(Exercise instructions) Keep the pictures out. Copy every line of the listing exactly.

(Raw data)
^^^^^^^^

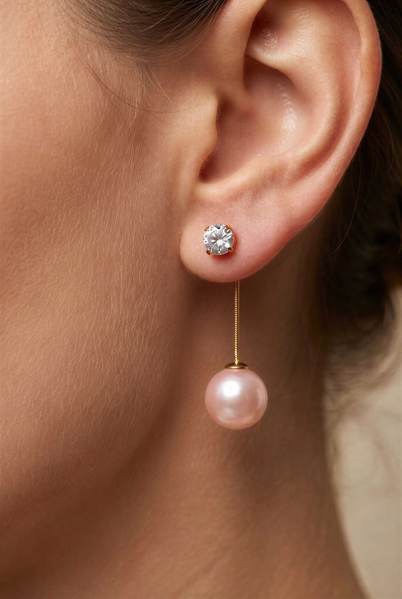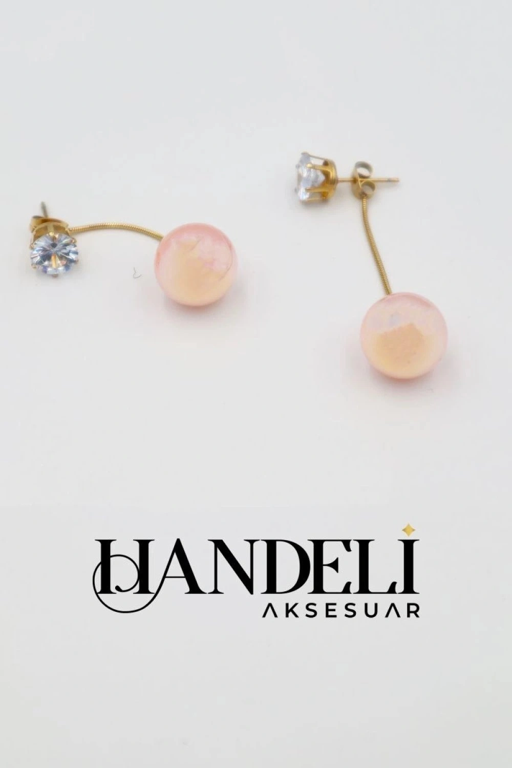 Sallantılı Sedef Pembe Pırlanta Detay Gold Altın Kaplama Küpe
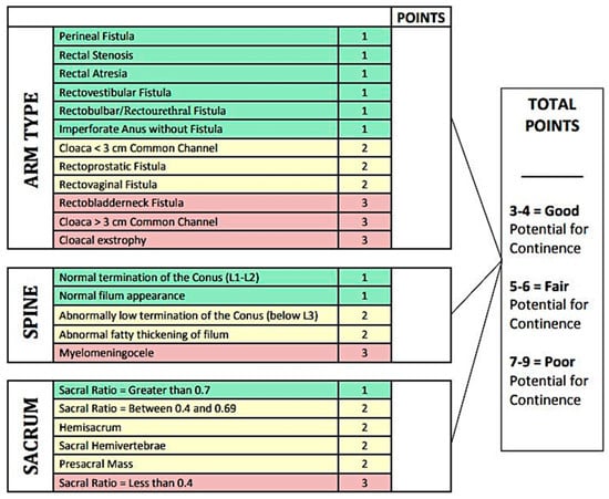 - Minneci, P.C.; Kabre, R.S.; Mak, G.Z.; Halleran, D.R.; Cooper, J.N.; Afrazi, A.; Calkins, C.M.; Corkum, K.; Downard, C.D.; Ehrlich, P.; et al. Can Fecal Continence Be Predicted in Patients Born with Anorectal Malformations? J. Pediatr. Surg. 2019, 54, 1159–1163. [Google Scholar] [CrossRef]
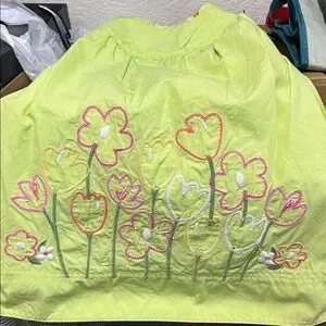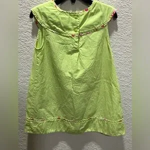Super sweet lime green dress with flower appliqués size 4T. Good condition for age but still looks very good! Appliqué pictured from the back as well.
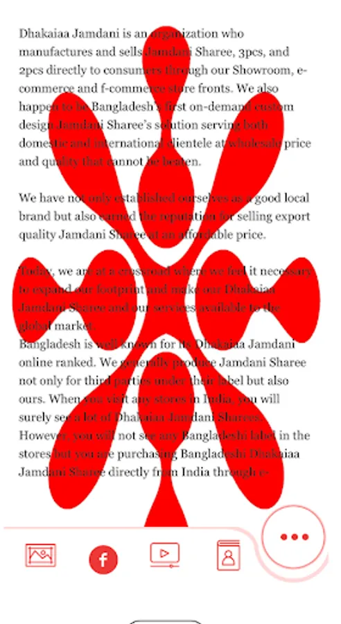 hakaiaa Jamdani is making Jamdani Sharee, 3pcs, 2pcs, Tangail shari and selling directly to consumers through Showroom, e-commerce and f-commerce store fronts. We are serving both domestic and international client at wholesale price with good quality.

^^^^^^^^

(Exercise solution)
 Sallantılı Sedef Pembe Pırlanta Detay Gold Altın Kaplama Küpe
 - Minneci, P.C.; Kabre, R.S.; Mak, G.Z.; Halleran, D.R.; Cooper, J.N.; Afrazi, A.; Calkins, C.M.; Corkum, K.; Downard, C.D.; Ehrlich, P.; et al. Can Fecal Continence Be Predicted in Patients Born with Anorectal Malformations? J. Pediatr. Surg. 2019, 54, 1159–1163. [Google Scholar] [CrossRef]
Super sweet lime green dress with flower appliqués size 4T. Good condition for age but still looks very good! Appliqué pictured from the back as well.
 hakaiaa Jamdani is making Jamdani Sharee, 3pcs, 2pcs, Tangail shari and selling directly to consumers through Showroom, e-commerce and f-commerce store fronts. We are serving both domestic and international client at wholesale price with good quality.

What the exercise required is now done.